What stood out to me during Roman’s talk at CSS Day was the fact that both these pseudo-mixin solutions use custom properties to apply the mixin. As a result, the mixing-in declaration – the code that applies or doesn’t apply the mixin – cascades.

That leads to an interesting feature: a mixin can be applied in one place, and removed somewhere else. Once ‘turned off’, it’s as though the mixin was never applied at all. The properties simply revert to their un-mixed-in state:

See the Pen Un-mixing a mixin by @miriamsuzanne on CodePen.

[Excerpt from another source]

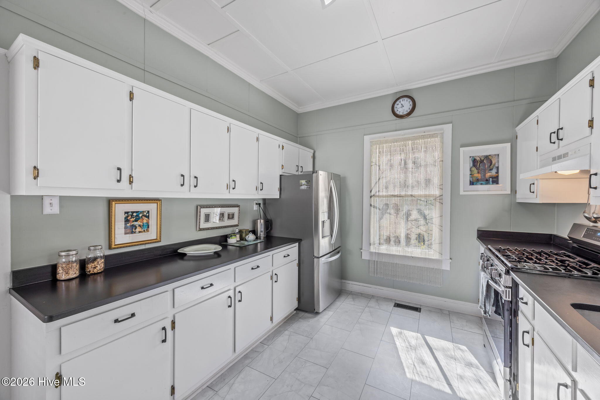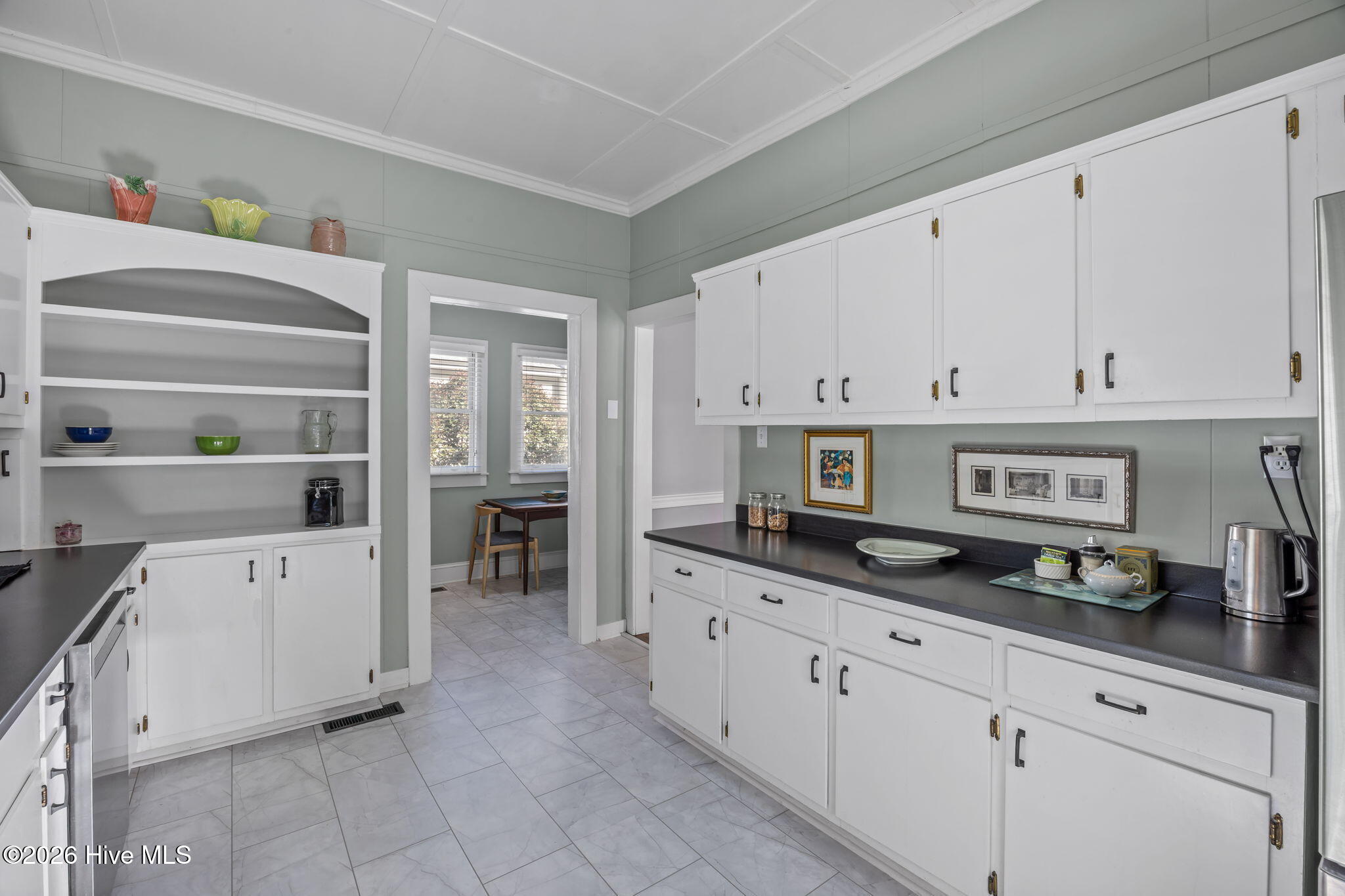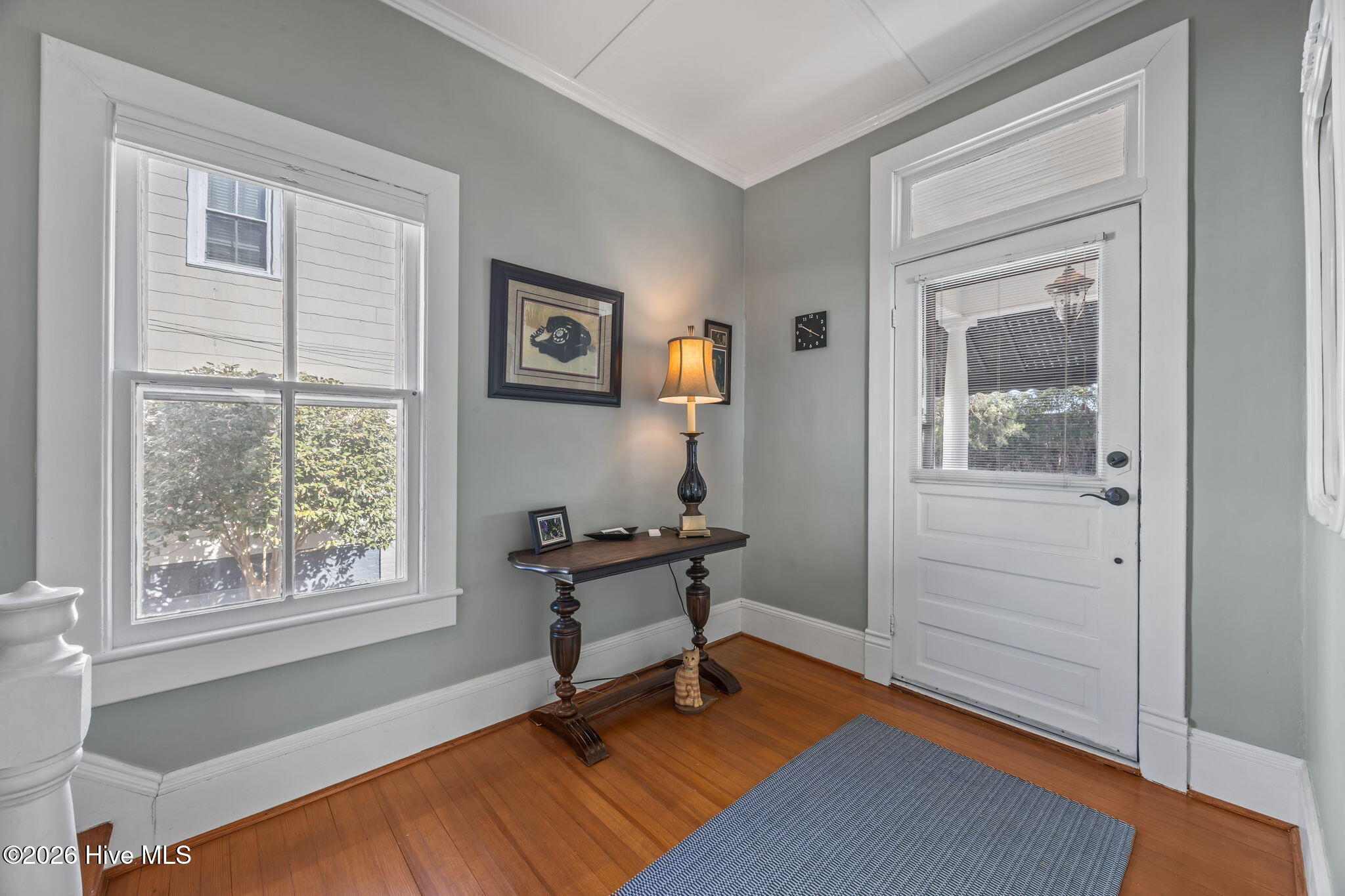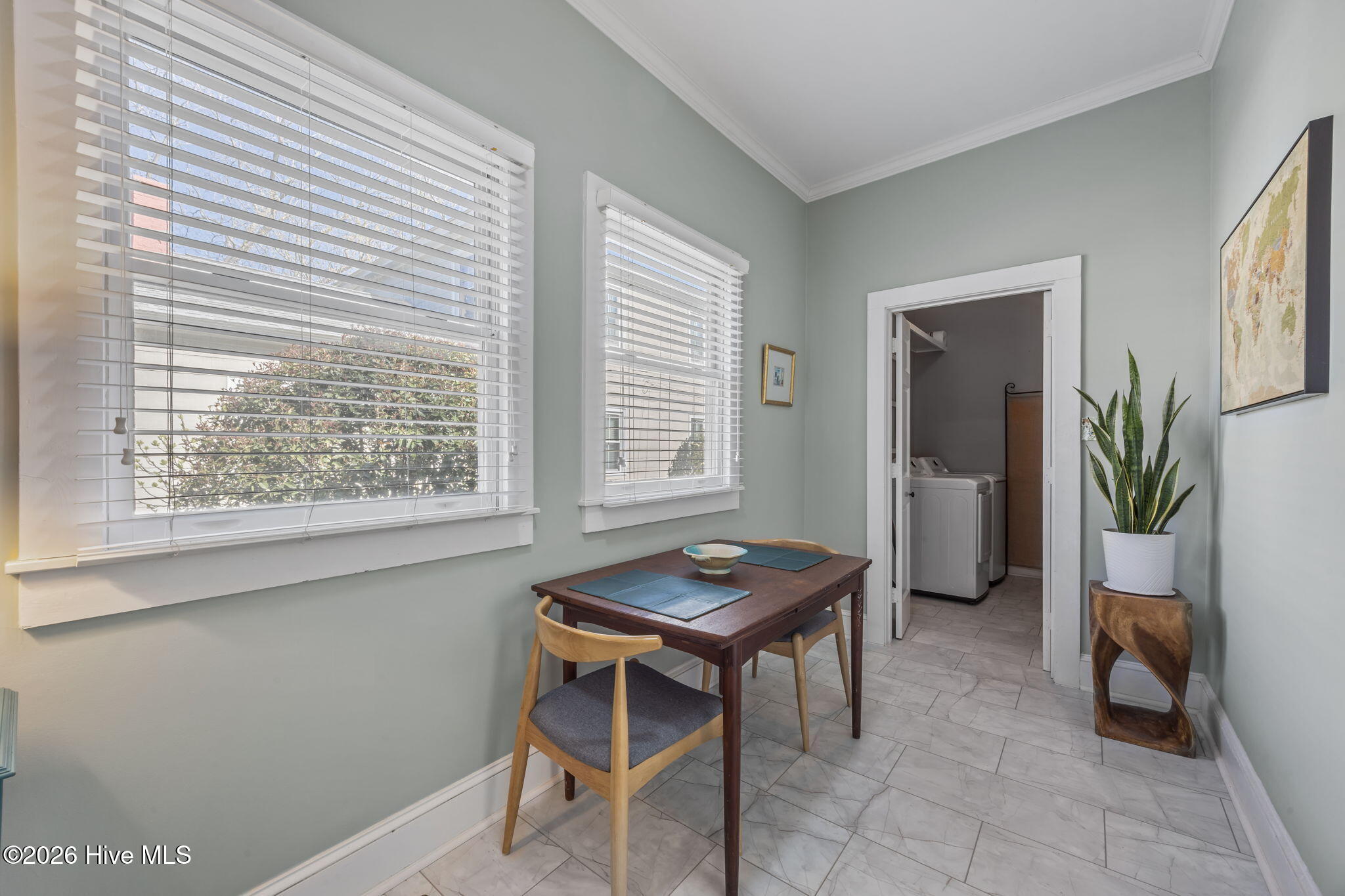 Experience the perfect blend of historic charm and modern comfort in the Turner-Pate House, a distinguished residence listed on the National Register of Historic Places. As one of the celebrated ''Three Sisters'' in New Bern's coveted Riverside neighborhood, this home offers a rare opportunity to own a piece of local legacy. A sprawling front porch welcomes you--the perfect perch for morning coffee. Inside, the home shines with original hardwood floors, ornate crown molding, and exquisite period trim. Living Room: Features built-in bookshelves and a decorative fireplace with a stunning period mantle. Dining & Kitchen: An expansive formal dining room flows seamlessly into the kitchen, which boasts new countertops, new appliances, and abundant cabinetry. Flex Space: A sun-drenched room off the kitchen serves as a den or home office, leading directly to the newly screened rear porch. This Beautiful Home has been Restored for Modern Living.Extensive updates ensure peace of mind without sacrificing character: Infrastructure: New gas furnace, all-new ductwork, and updated electrical/lighting throughout (including 12+ new outlets upstairs). Primary Suite: The spacious first-floor primary bedroom now features new custom storage closets. Bathrooms: The main floor bath includes a new linen closet, while the second-floor bath features a brand-new tiled walk-in shower. Flexible Upper Level The second floor offers two large, sunny bedrooms plus a versatile third room--perfect as a nursery, craft room, or additional sleeping quarters. Outdoor Oasis: The deep, lushly landscaped backyard is fully fenced, offering a private retreat. Beyond the off-street driveway, you'll find a 306 sq. ft. workshop/storage building plus an additional garden shed. Located just steps from the riverfront and minutes from the vibrant dining, shopping, and festivals of historic downtown New Bern, the Turner-Pate House is ready for its next chapter.

We don’t get that same behavior with the @apply rule as currently defined. If we apply the same mixin twice with different values, both rules will be replaced by the internals of the mixin.

@mixin --card(--color) {
  background: var(--color);
  border: thick solid color-mix(in oklch, var(--color), black);
}

p { @apply --card(pink); }
p:last-child { @apply --card(powderblue); }

The result after substitution will be:

p {
  background: pink;
  border: thick solid color-mix(in oklch, pink, black);
}
p:last-child {
  background: powderblue;
  border: thick solid color-mix(in oklch, powderblue, black);
}

In some cases, that will be fine. The properties inside the mixin will continue to cascade. Each declaration of background overrides the previous, and the same with border. In the end, we get the expected result.

But we can’t ‘remove’ the mixin, or any of those property definitions, we can only override them with new values. That can be a real problem.

Let’s go back to our visually-hidden example. We should really clarify that we don’t want it applied when an element has focus. With the custom property, we can override a single property wherever necessary:

[visually-hidden] {
  --hidden: var(--hidden--on);
}

[hidden-when=small] {
  @container (inline-size < 20ch) {
    --hidden: var(--hidden--on);
  }
}

:focus,
:active {
  --hidden: var(--hidden--off);
}

But with @apply we either have to plan ahead for all conditions before we apply the mixin:

[visually-hidden]:not(:focus):not(:active) {
  @apply --visually-hidden;
}

Or we need to carefully revert every property of the mixin. But… revert to what value? Maybe we can use revert-layer and some clever layering? We could even build the off switch into our mixin:

/* when '--off' is undefined we get the output */
@mixin --visually-hidden(--off) {
  clip: var(--off, rect(0 0 0 0));
  clip-path: var(--off, inset(50%));
  height: var(--off, 1px);
  overflow: var(--off, hidden);
  position: var(--off, absolute);
  white-space: var(--off, nowrap);
  width: var(--off, 1px);
}

@layer base {
  [visually-hidden] {
    @apply --visually-hidden;
  }
}

/* put our overrides in a higher layer to revert from */
@layer overrides {
  :focus,
  :active {
    /* set --off to revert-layer */
    @apply --visually-hidden(revert-layer);
  }
}

That provides an off switch, but it requires some careful planning ahead, and the layering requirement seems fragile.

This isn’t a new or theoretical issue. After years of using Sass mixins, it’s something I’ve encountered many times. In most situations it’s possible to work around the issue, but sometimes it becomes quite complicated to get all the logic right in one place.

The cascade is useful for these situations. When we’re defining new CSS features we often ask should these behaviors cascade together, are they intertwined? If so, they belong in the same property.

It seems clear to me that it would be useful (at least sometimes) for the mixin-application syntax to cascade. But before we make any big changes we also need to ask:

I don’t think we want something like the JavaScript removeEventListener() function, which requires a careful matching of arguments. I’d like to avoid any @un-apply-style rules. That has always seemed fragile to me, and I’d rather use the cascade if we can.

What do you think? Should mixin calls cascade? Are there use cases for both behaviors?